June 7, 2016

How Much Homework?!!!

Alissa Lampert ‘18

If you walk down the high school hallways towards the end of the day, you might hear the repetitive groan of, “I have so much homework tonight!”
The constant complaint high school students have is that they are overworked, stressed and have too much homework. This homework keeps some unlucky victims up past midnight, scrambling to complete assignments.
However, it is hard to understand the sheer amount of the homework GOA students receive in comparison to students from other schools, states, or even countries.
Recently, a handful of sophomores traveled to Mexico for the second half of our exchange program. A trip that was packed to the brim with excursions, we were blissfully unaware of the homework that was piling up on our friends’ desks back home. With seemingly little time in the day to even breathe, it was nearly impossible to even consider cracking open our textbooks.
Our Mexican buddies, however, did not seem to be missing any work.
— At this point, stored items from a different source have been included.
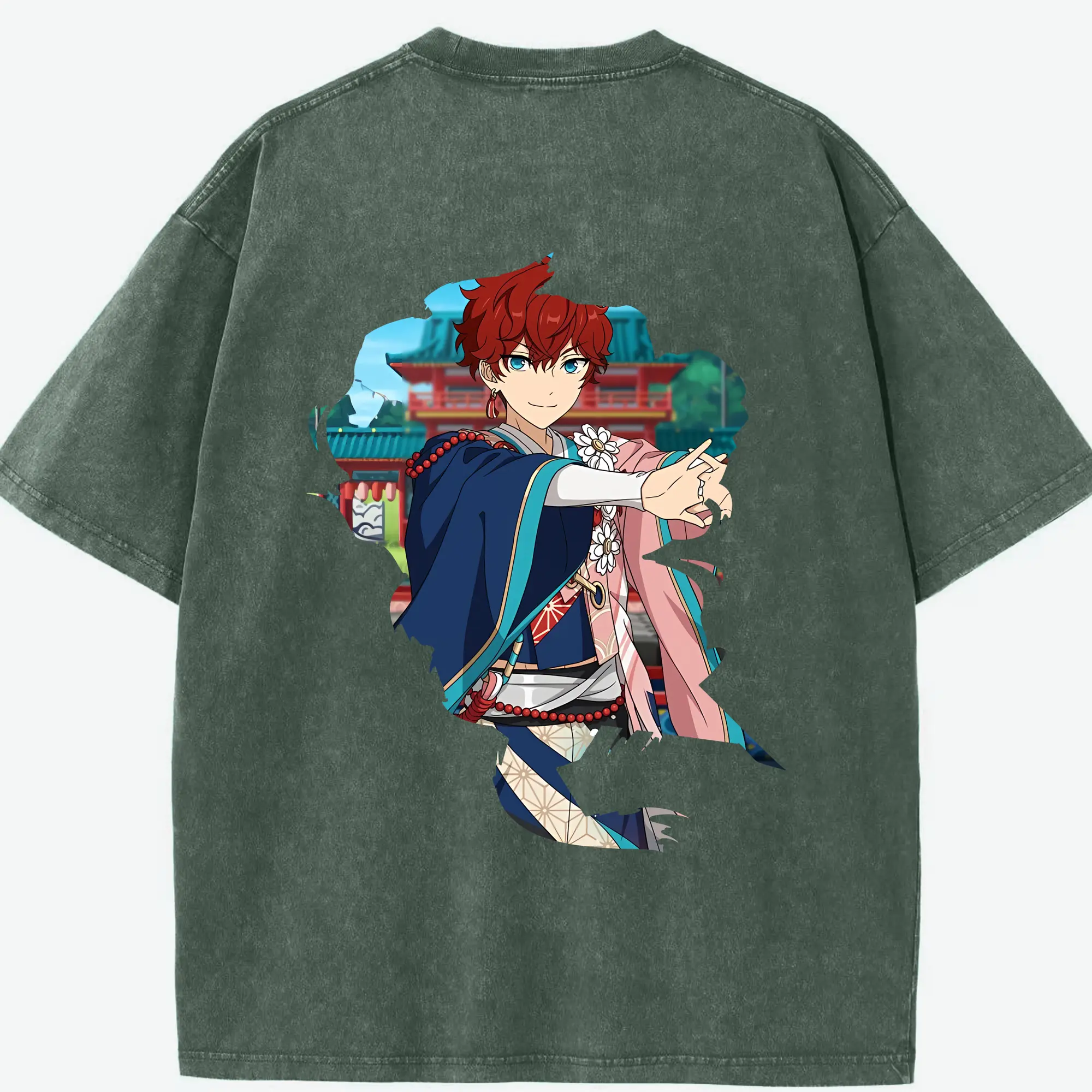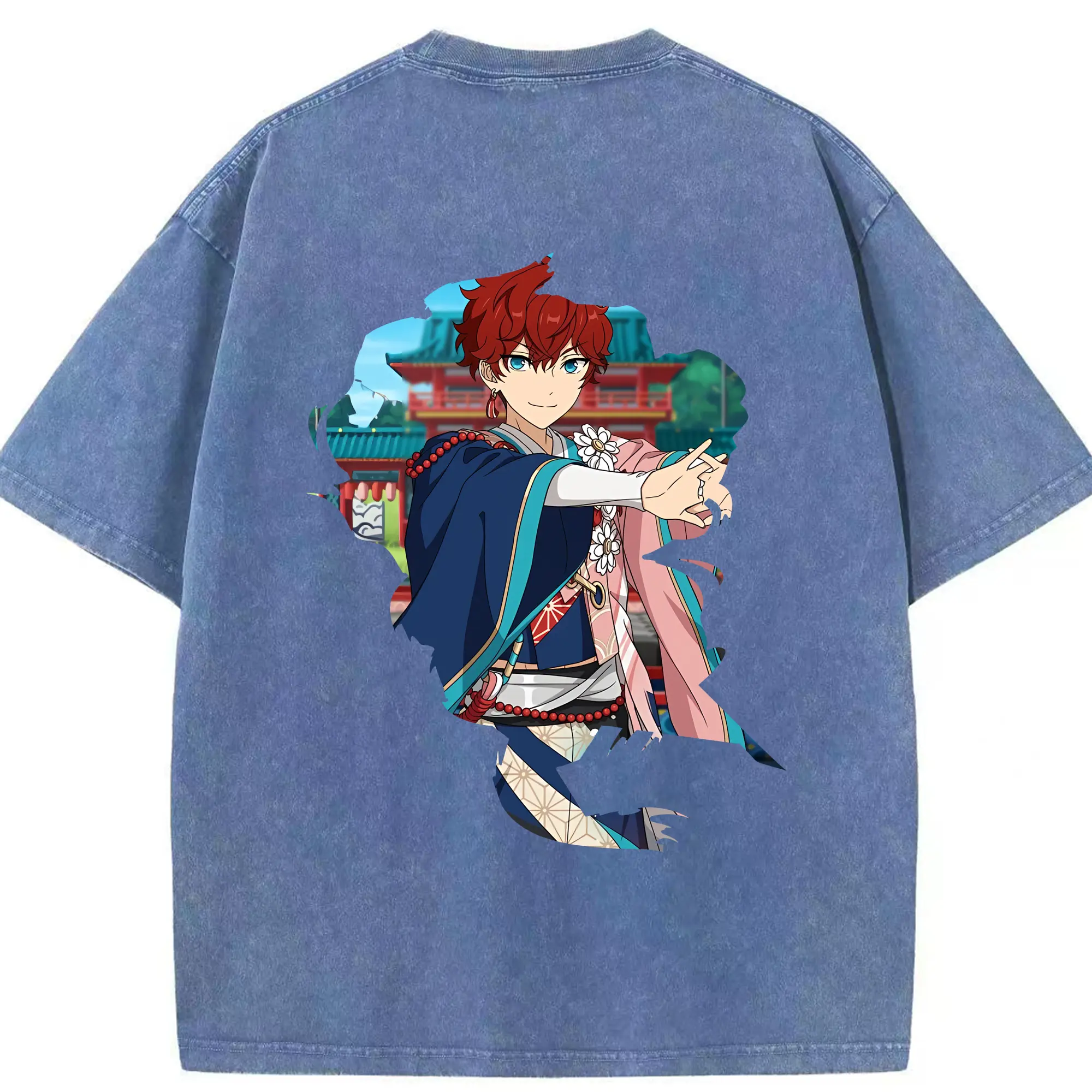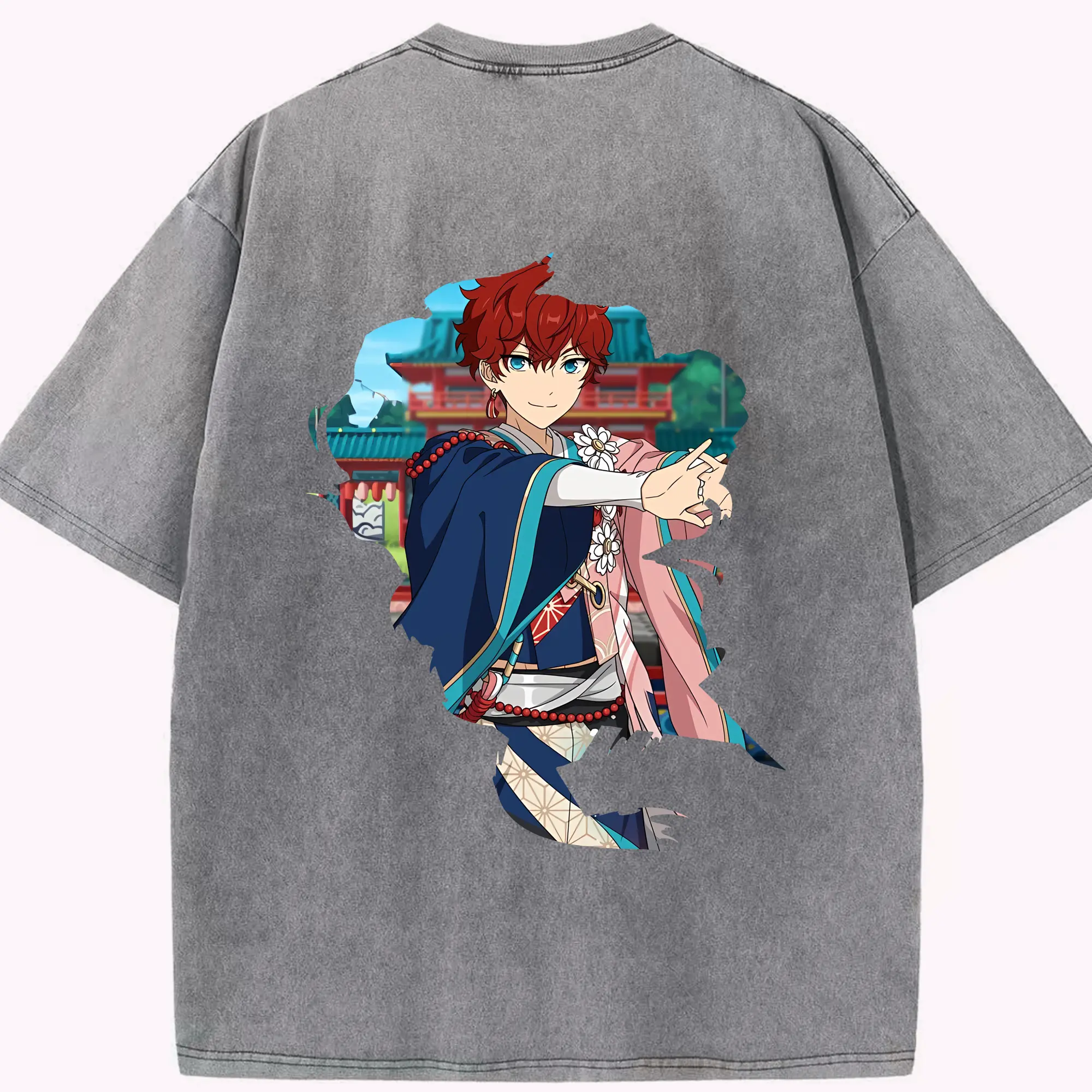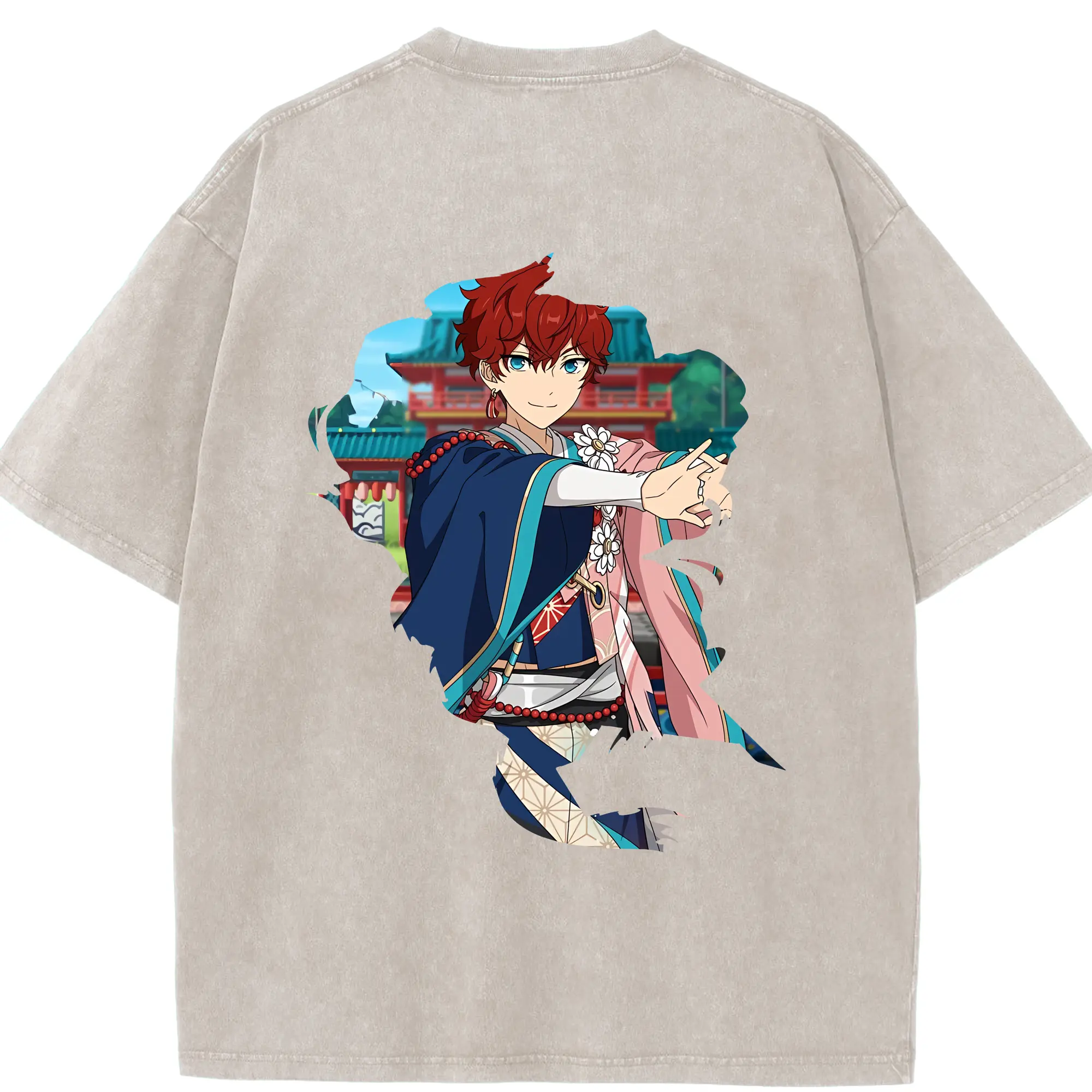 あんさん ぶる グッズ Valkyrie 斎宮宗 - 綿100% ヴィンテージ風 半袖Tシャツ ・ 背面プリント ・ 柔らか肌触り ・ 通気性 快適 ・ スポーツ カジュアル 外出用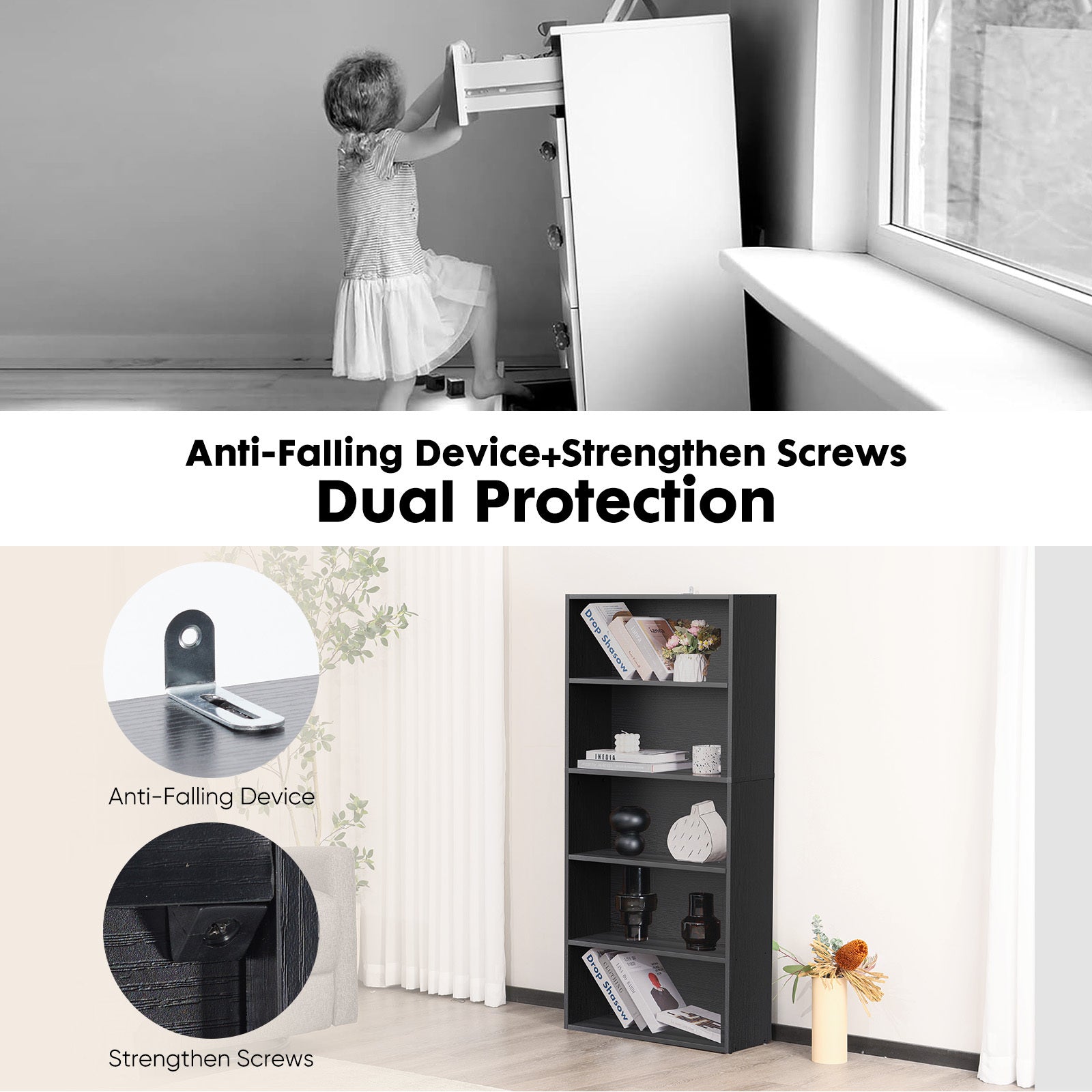 - ¡¾Anti-Tip Feature¡¿Enhancing the bookcase's stability is a topmost iron bracket designed to counter tipping. The installation process is straightforward - drill a hole in the wall, affix the bookcase and enjoy a steadfast storage solution!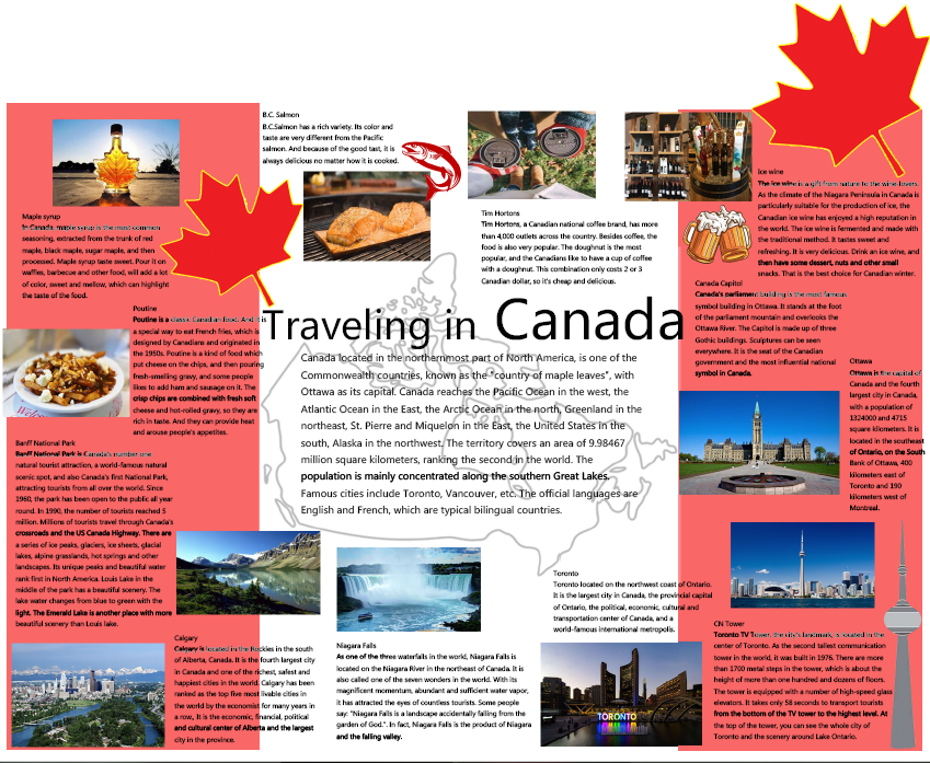 本次活动要求同学们以小组为单位,分工协作,共同制作一份关于英语国家文化的展板。活动前夕,各小组确立主题,讨论任务分工并查找相关文字和图片资料,每位成员积极投入准备工作。在有充足准备工作的前提下,各小组开始协作制作电子版和纸质版文化展板。
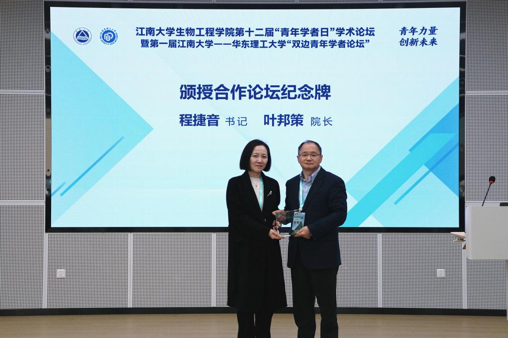 开幕式上,王震宇代表世界杯官网致欢迎辞,对本论坛的隆重召开表示热烈祝贺,向与会代表表示热烈欢迎。他肯定了两校生物工程学科的发展成就,为青年学者的成长指明了方向,更对本次双边论坛的合作意义给予了高度评价和期许。叶邦策代表华东理工大学世界杯官网致辞,回顾了两校发展的历史渊源,强调了兄弟院校在生物工程学科建设方面的密切交流与合作,并对两校学科未来的紧密合作提出了殷切希望。世界杯官网党委书记程捷音为华东理工大学世界杯官网院长叶邦策颁授合作论坛纪念牌,期待未来携手共进,搭建长期合作交流的桥梁,在生物工程领域书写更多合作共赢的篇章。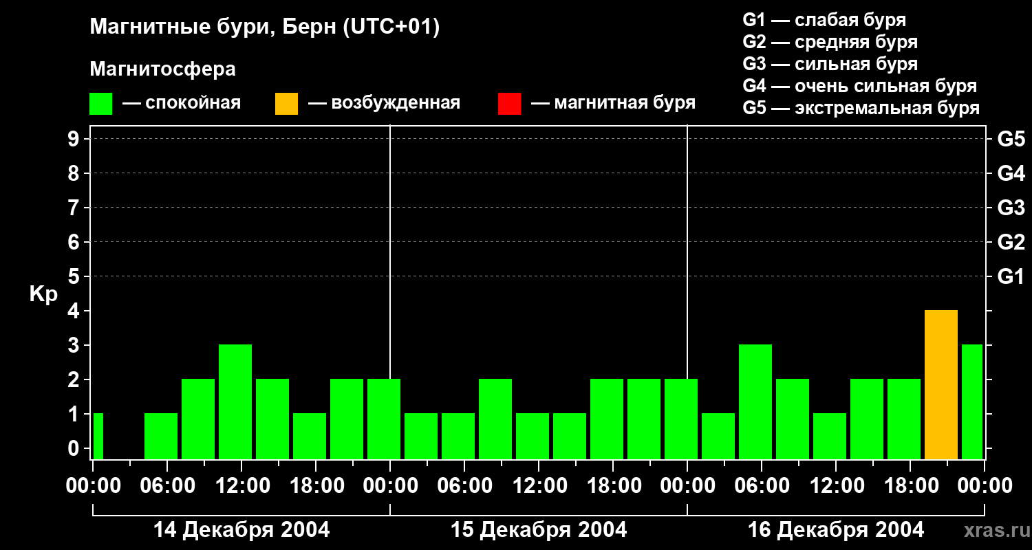 Изменения геомагнитного индекса Kp с 14 по 16 декабря 2004 года для средних широт
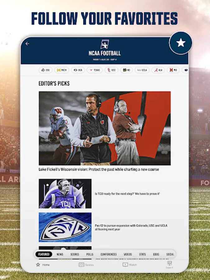 ●KEEP TABS ON YOUR TOP PICKS: Stay in the loop with personalized feeds packed with news, highlights, and scores from your favorite teams.

They went on almost every trip with us, meaning they missed many school days and had little time at night to complete work. Confused, we asked how they were able to miss all the school days with little consequences. Later, we learned that they receive little to no homework on a daily basis.
The GOA sophomores who got to experience a completely different lifestyle compared the homework dilemma in each school.
Sophomore Rebecca Landau commented on the fact that while a policy similar to the one in Mexico would be nice, there are other ways to combat the issue.
“While in Mexico, I was informed that the little amount of homework they had was the work that they did not complete in school,” she said. “While I think that would be a great policy in our school, I know that it is unreasonable. I feel that homework should never be on something you have not already learned and should only be to help for a better understanding of the work learned in class.”
Sophomore Sarah Cehelyk offered a different point of view.
“Overall, I feel that the average amount of homework we get is relatively fair taking into consideration the fact that we are a college preparatory school,” she said. “However, there are a few points throughout the year that we, as students, are bombarded with ridiculous amounts of work.”
Cehelyk believes that although homework is necessary, nightly “busy work” is excessive.
She also said that in order for students to manage their time more wisely and help the pile of assignments shrink, teachers need to be in better contact with each other and the students. Many teachers do not use the test calendar or only put major assessments up, but Cehelyk says that students would fare better if essays, projects and quizzes were up there, too.
Sophomore Rachel Berger echoed Cehelyk’s thoughts and commented that while homework is necessary to an extent, there are some core subjects that are more demanding than others and those are the main subjects that should be giving homework. Excess homework in less taxing classes puts too much stress on overworked students.
GOA students understand that the school cannot adopt the Mexican school’s lenient policy, but many feel that there must be a middle ground.

There must be some way to stop students from getting five hours of sleep a night before a test because they had no other time to study.